Growing up we heard and probably still do that life is short and to learn to appreciate all the little things because you will regret it if you don’t. I heard it so much that I would get angry when I heard it, and I retaliated by doing the exact opposite just to prove a point and I made a disaster of my life instead. I kick myself often because I would or should have done so many things different.

Through out that time I never really took much time to appreciate the many small things in life, I always focused on the goal driven tasks I gave myself and thats all I focused on. Unfortunately for me, I was money driven. I worked my self to death, with various jobs because without money, we wont make it vary far. I devoted myself to a company, was given several promotions, missed all birthdays and holidays, I gave it my everything and come to realize none of that work meant anything to those I did it for, so why do we do it?

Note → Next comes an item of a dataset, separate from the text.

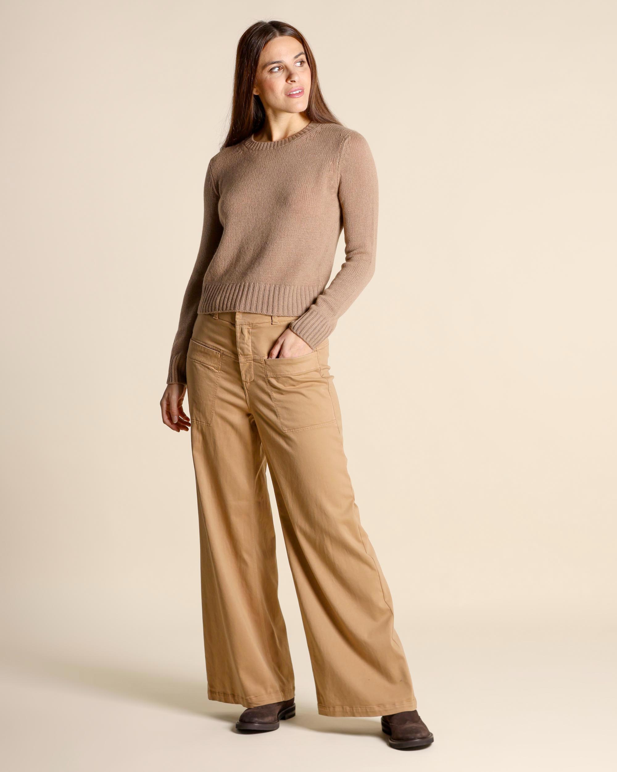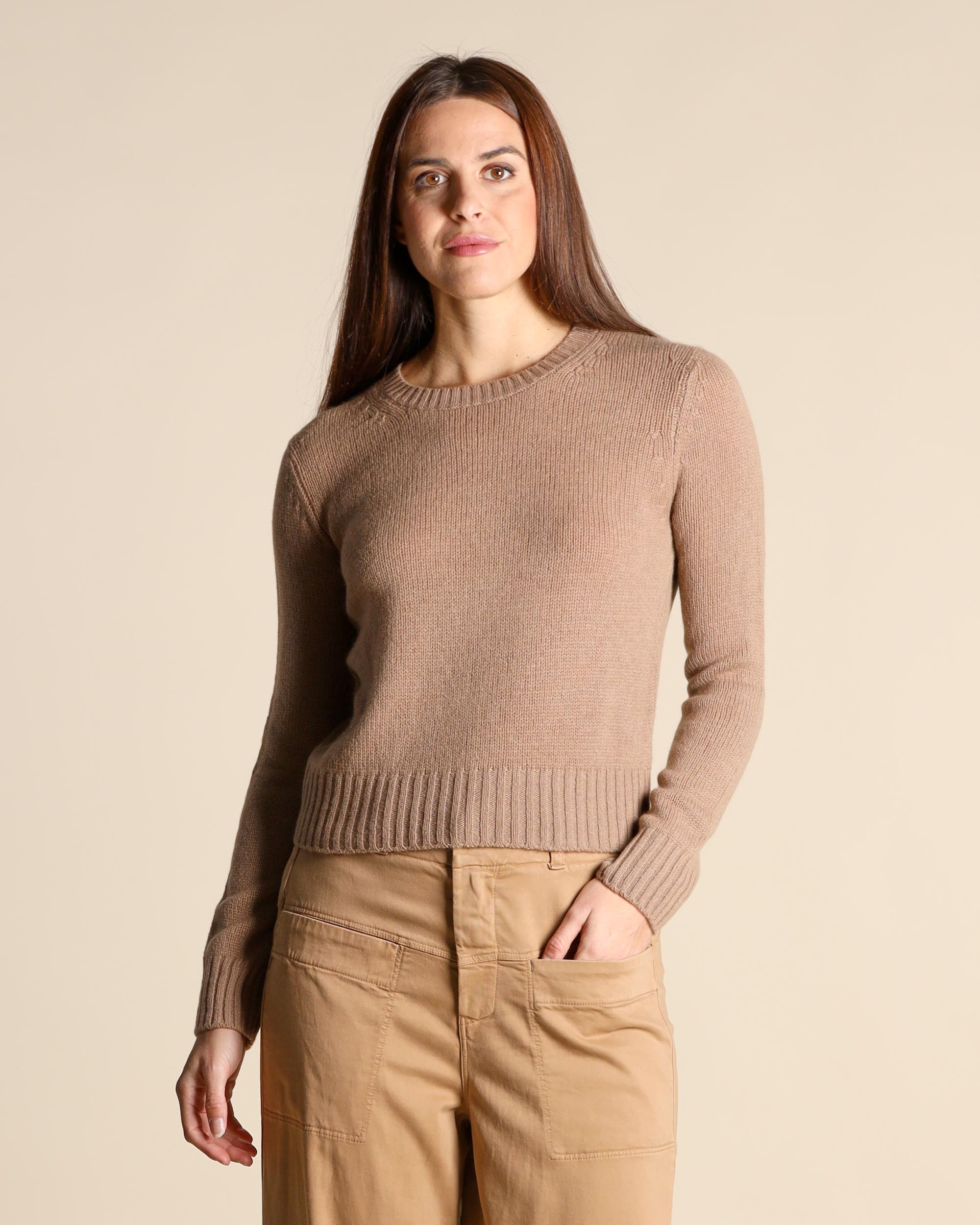 Maglia color biscotto in cashmere con lavorazione a due fili, gr.194, maniche lunghe, scollo tondo, linea dritta, la modella indossa una tg.S, la modella ha le seguenti misure: altezza 179, seno 84, vita 63, fianchi 94, collezione donna Be You Autunno Inverno 2025/26

Back in 2018, I discovered a new love for life, I discovered what it was like to travel to various states, see various cultures and how people spend time, how different life was beyond Wisconsin. If you have never traveled beyond your home state, the first time that you do, you just want to see everything because it is so beautiful, and different. I fell in love with the open road and its unknown paths, and now its all I think about.

In four years, my wife and I have managed to travel to roughly 35 states, seen some gorgous places, discovered so much and I just want more. I have never felt so high on life before hitting the road, the feelings are intoxicating and very, very addicting.

It was during this time that I realized that I needed to make some much needed adjustments in my life, it opened my eyes and it really was my own self theropy. While these last four years have not been the easiest by any means, I am extremely grateful for the experiences because I really needed to make these self discoveries, I really needed to figure out just was the heck I wanted to do with myself and now I know. I just need to put in a little more time.

My main point in all of this is that with how nasty our world is getting, how much struggle and pain we all are going through, we can do it, and if you are willing to fight hard like I am, you can do it. I would like to buy a small camper and travel, meet people, share my life with them, listen to them and just simply enjoy all that life has to offer, because at the end of the day, we all end up in the same location. Why not enjoy the ride, why make it so complicating. If there is something you want to do or gain out of life, don’t think about it, figure out what it is you gotta do and do it, if you need a hand, I will help guide you! Value your life and do what makes you happy, because otherwise you will end up like me and regret that you didnt.